Following the instructions of Zhou et al.4, we downloaded the human genome hg19 and obtained narrowPeak files for 919 features from ENCODE and ROADMAP from the URLs listed in Supplementary table 1 of Zhou et al.4 Broken links were adapted where necessary, including for the histone modification features.

Training, validation and test regions were obtained from Following Zhou et al.4, all regions on chromosomes 8 and 9 were assigned to the test set. In contrast to the original training-validation set split of (2,200,000 training, 4000 validation samples), we opted for a more conservative 90%/10% training-validation split to reduce the number of features with no positive examples in the validation set, since we wanted to utilize the benchmark to test different model variants.

We implemented the model architectures described in Zhou et al.4 and Quang et al.17 using keras and the Janggu model wrapper. In addition, the models were adapted to scan both DNA strands rather than only the forward strand using the DnaConv2D layer, available in the Janggu library.

For training and evaluation, we served up the model with sequences and output labels that were loaded as Bioseq and Cover objects from Janggu. We compared different context window sizes 500 bp, 1000 bp, and 2000 bp as well as mono-, di- and tri-nucleotide based sequence encoding.

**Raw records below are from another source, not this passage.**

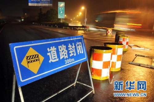 10月5日,海南东线高速公路封闭。新华社记者 郭程 摄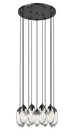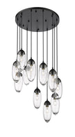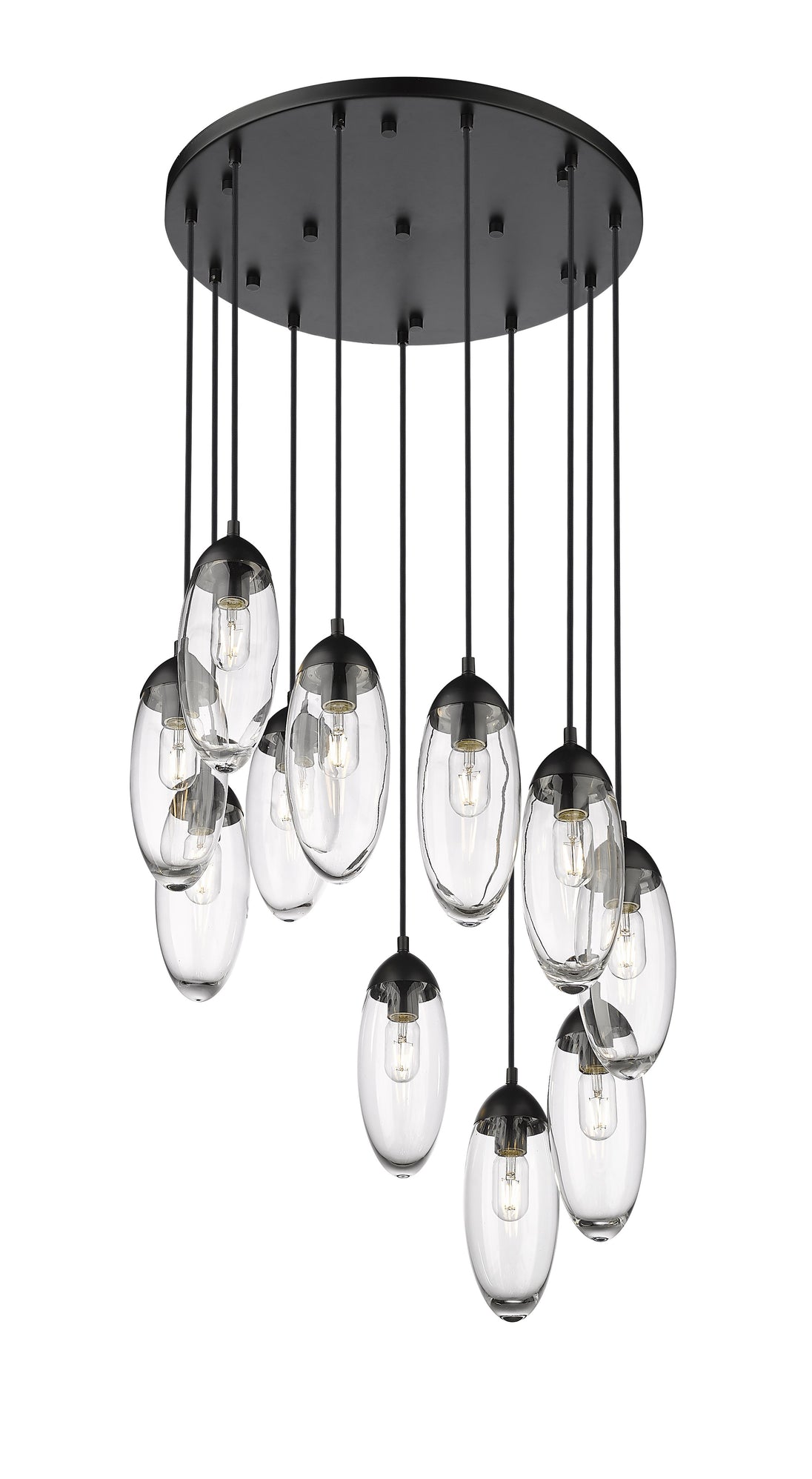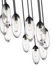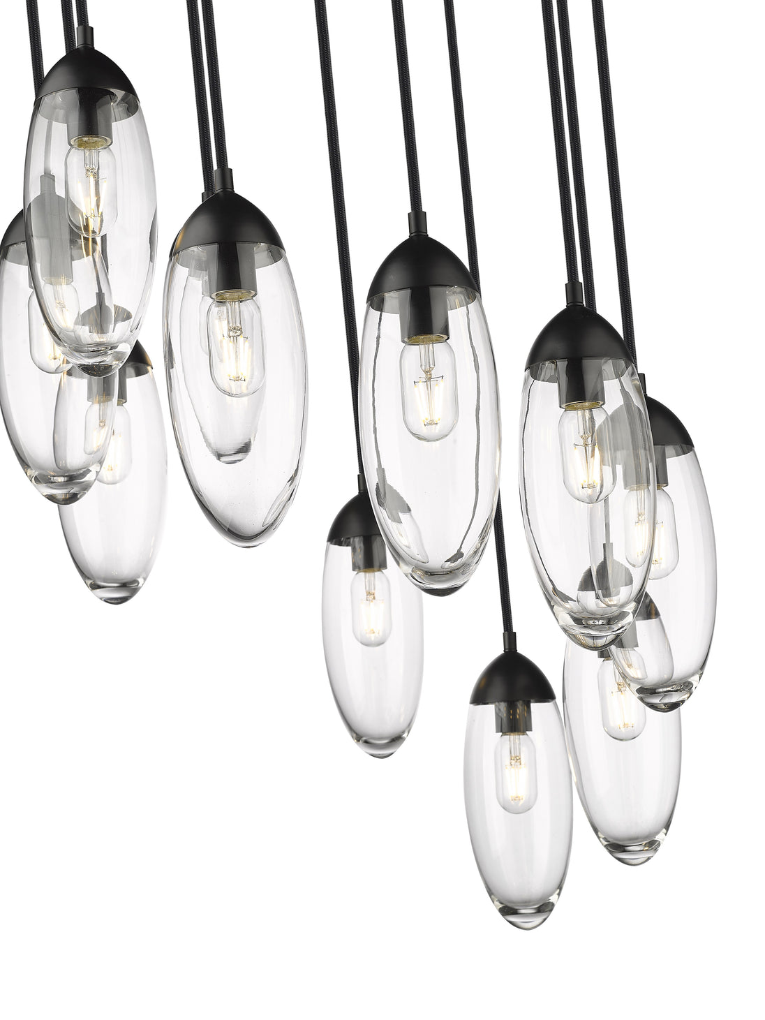 The intimately elegant effect of glasswork adds gleaming radiance to this glam 11-light chandelier. Illumination bounces off of cascading organic teardrop glass shades scattered to offer an abstract silhouette. With a tasteful round matte black finish metal canopy, room or entryway customization becomes a key factor.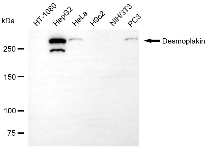 Western blotting analysis using desmoplakin antibody. Total cell lysates (30 μg) from various cell lines were loaded and separated by SDS-PAGE. The blot was incubated with desmoplakin antibody and HRP-conjugated goat anti-rabbit secondary antibody respectively.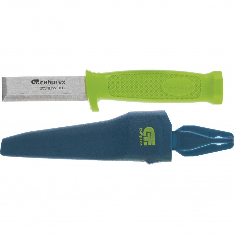 Нож-стамеска Сибртех общей длиной 195 мм и длиной лезвия 75 мм, с чехлом, пригодится в ходе проведения отделочных работ. За счет продуманной формы его можно использовать для резки материалов, а также для выборки углублений, снятия фасок и т.д. Две режущих кромки значительно повышают эффективность работы.

The models were trained using AMSgrad20 for at most 30 epochs using early stopping with a patience of 5 epochs.

We evaluated the performance using the auPRC on the independent test regions.

Dataset and evaluation for CAGE-tag prediction

For the CAGE-tag prediction we focused on human HepG2 cells. We downloaded samples for CAGE (ENCFF177HHM, bam-format), DNase (ENCFF591XCX, bam-format) and H3K4me3 (ENCFF736LHE, bigWig format) from the ENCODE project. Moreover, we used the hg38 reference genome and extracted the set of all protein coding gene promoter regions (200 bp upstream from the TSS) from GENCODE version V29 which constitute the ROI.

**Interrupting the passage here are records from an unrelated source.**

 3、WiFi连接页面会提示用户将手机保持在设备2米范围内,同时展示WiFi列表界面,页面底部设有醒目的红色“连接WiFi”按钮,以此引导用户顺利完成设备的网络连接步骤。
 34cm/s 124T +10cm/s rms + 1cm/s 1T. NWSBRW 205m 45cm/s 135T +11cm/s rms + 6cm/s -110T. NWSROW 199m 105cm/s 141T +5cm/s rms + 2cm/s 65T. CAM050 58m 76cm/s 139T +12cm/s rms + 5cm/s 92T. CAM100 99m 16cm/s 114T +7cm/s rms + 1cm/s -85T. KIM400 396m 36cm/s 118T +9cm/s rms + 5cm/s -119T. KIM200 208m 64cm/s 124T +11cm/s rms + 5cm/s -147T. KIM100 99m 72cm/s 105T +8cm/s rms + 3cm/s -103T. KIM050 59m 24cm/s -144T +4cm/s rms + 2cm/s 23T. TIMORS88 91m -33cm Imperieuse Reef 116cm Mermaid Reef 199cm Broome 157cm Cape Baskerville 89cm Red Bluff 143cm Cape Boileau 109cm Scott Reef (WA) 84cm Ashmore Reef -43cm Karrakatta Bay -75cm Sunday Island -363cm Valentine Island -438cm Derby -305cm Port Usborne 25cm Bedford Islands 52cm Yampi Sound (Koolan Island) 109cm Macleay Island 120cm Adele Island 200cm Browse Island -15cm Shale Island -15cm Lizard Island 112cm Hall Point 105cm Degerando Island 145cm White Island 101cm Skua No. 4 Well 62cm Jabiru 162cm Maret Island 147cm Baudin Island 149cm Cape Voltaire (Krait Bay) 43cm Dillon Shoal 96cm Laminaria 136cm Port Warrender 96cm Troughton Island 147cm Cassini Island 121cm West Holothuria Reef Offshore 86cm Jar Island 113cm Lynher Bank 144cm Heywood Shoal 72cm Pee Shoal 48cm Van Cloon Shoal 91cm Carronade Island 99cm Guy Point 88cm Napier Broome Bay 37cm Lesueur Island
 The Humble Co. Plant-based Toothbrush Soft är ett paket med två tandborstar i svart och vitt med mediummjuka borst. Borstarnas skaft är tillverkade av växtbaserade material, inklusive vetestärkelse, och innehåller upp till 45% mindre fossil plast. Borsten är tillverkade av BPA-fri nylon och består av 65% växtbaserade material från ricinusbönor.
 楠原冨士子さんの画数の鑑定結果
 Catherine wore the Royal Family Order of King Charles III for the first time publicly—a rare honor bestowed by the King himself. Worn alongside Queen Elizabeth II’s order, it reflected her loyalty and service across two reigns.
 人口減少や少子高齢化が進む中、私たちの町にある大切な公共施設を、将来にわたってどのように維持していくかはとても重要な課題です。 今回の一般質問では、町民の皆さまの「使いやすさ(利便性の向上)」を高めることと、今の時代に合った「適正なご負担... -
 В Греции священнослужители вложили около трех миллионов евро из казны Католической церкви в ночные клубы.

We loaded the DNA sequence using a ±350 bp flanking window using the Bioseq object. For CAGE, DNase and H3K4me3, we summed the signal for each promoter using flanking windows of 400 bp, 200 bp, and 200 bp to each dataset, respectively. The promoter signals for each feature were subsequently log-transformed using a pseudo-count of one and then Z score normalized. The coverage data were extracted and transformed using the create_from_bigwig and create_from_bam constructors of the Cover object.

The DNA and chromatin-based models are summarized in Supplementary Tables 3, 4. They were implemented using keras and the Janggu model wrapper. Furthermore, the joint model is built by concatenating the top most hidden layers and adding a new output layer. We pursued a cross-validation strategies where we trained a model on genes of all chromosomes but one validation autosome, repeating the process for each autosome. Genes on chromosome 1 were left out entirely from the cross-validation runs and were used for the final evaluation. The models were trained using mean absolute error loss with AMSgrad20 for at most 100 epochs using early stopping with a patience of 5 epochs.

For the evaluation of the model performance, we used the Pearson’s correlation between the predicted and observed CAGE signal on the test dataset.

Reporting summary

Further information on research design is available in the Nature Research Reporting Summary linked to this article.